### Task instructions:
Copy down every line of the data that follows exactly. Omit the pictures.

### The data:
────────

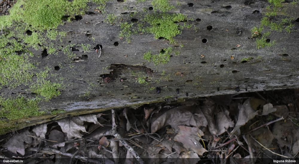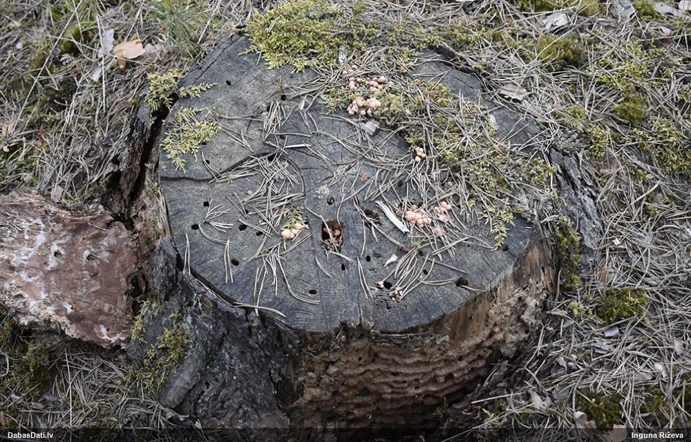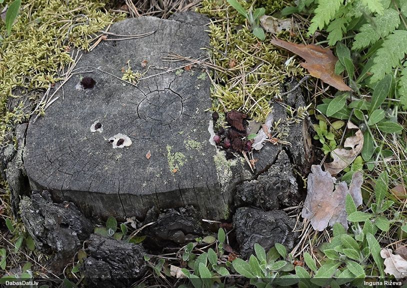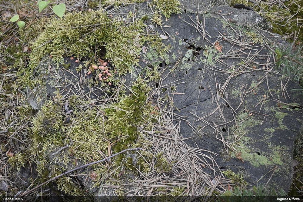 Skujkoks nav par tuvumā. Ir tikai lapu koki - lazda, kastanis, ābelītes. Otrpus celmam (D pusē) lejasdaļā, ko pamanīju pirmo, arī bija kaut kas no šim līdzīga, bet tik izsporojies, ka palicis tikai paliels brūns sporu pleķis. Intriga pavērot nākamgad.
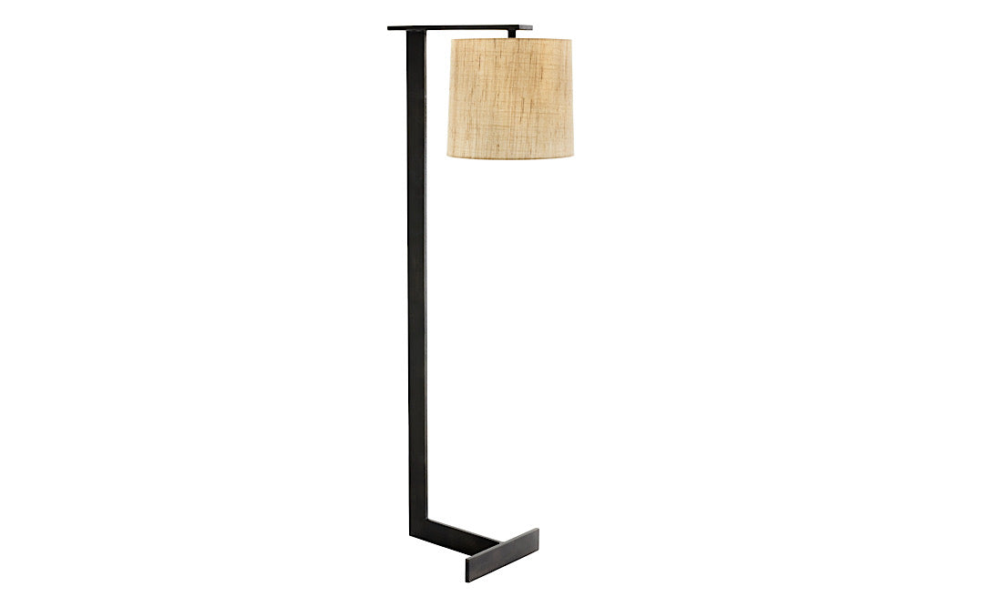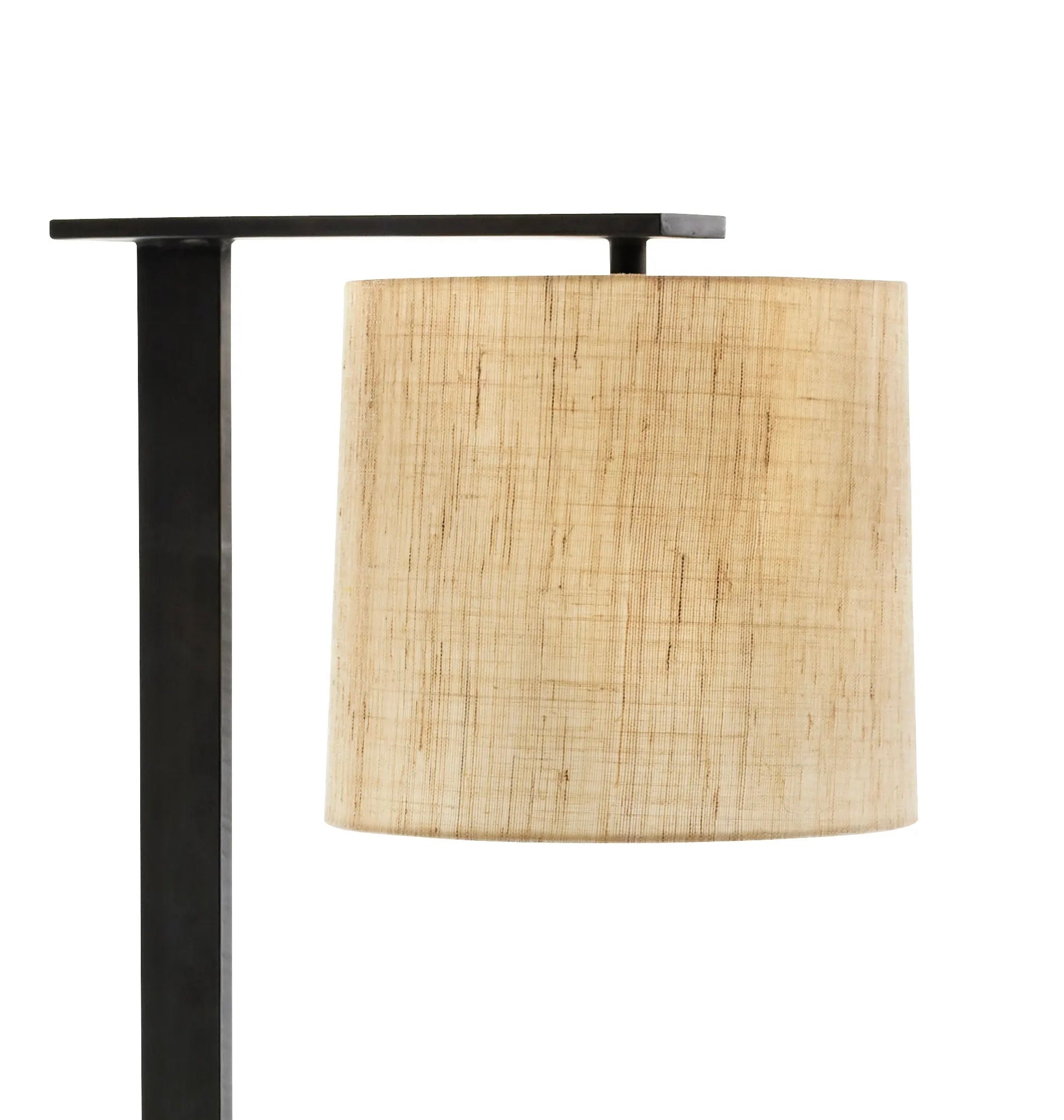 The Livingston makes quite the architectural statement with its bold cantilever-style frame. A beautiful balance of organic and industrial materials, this floor lamp showcases an arching profile, crafted of blackened iron.Β The frame is contrasted by a suspended raw hemp shade, with off-white lining, that softens its silhouette and brings in an earthy element.
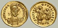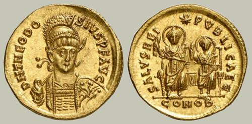 Teodosio II estante portando lanza y globo, flanqueado por los emperadores Honorio y Arcadio

────────

### Solved problem:
 Skujkoks nav par tuvumā. Ir tikai lapu koki - lazda, kastanis, ābelītes. Otrpus celmam (D pusē) lejasdaļā, ko pamanīju pirmo, arī bija kaut kas no šim līdzīga, bet tik izsporojies, ka palicis tikai paliels brūns sporu pleķis. Intriga pavērot nākamgad.
 The Livingston makes quite the architectural statement with its bold cantilever-style frame. A beautiful balance of organic and industrial materials, this floor lamp showcases an arching profile, crafted of blackened iron.Β The frame is contrasted by a suspended raw hemp shade, with off-white lining, that softens its silhouette and brings in an earthy element.
 Teodosio II estante portando lanza y globo, flanqueado por los emperadores Honorio y Arcadio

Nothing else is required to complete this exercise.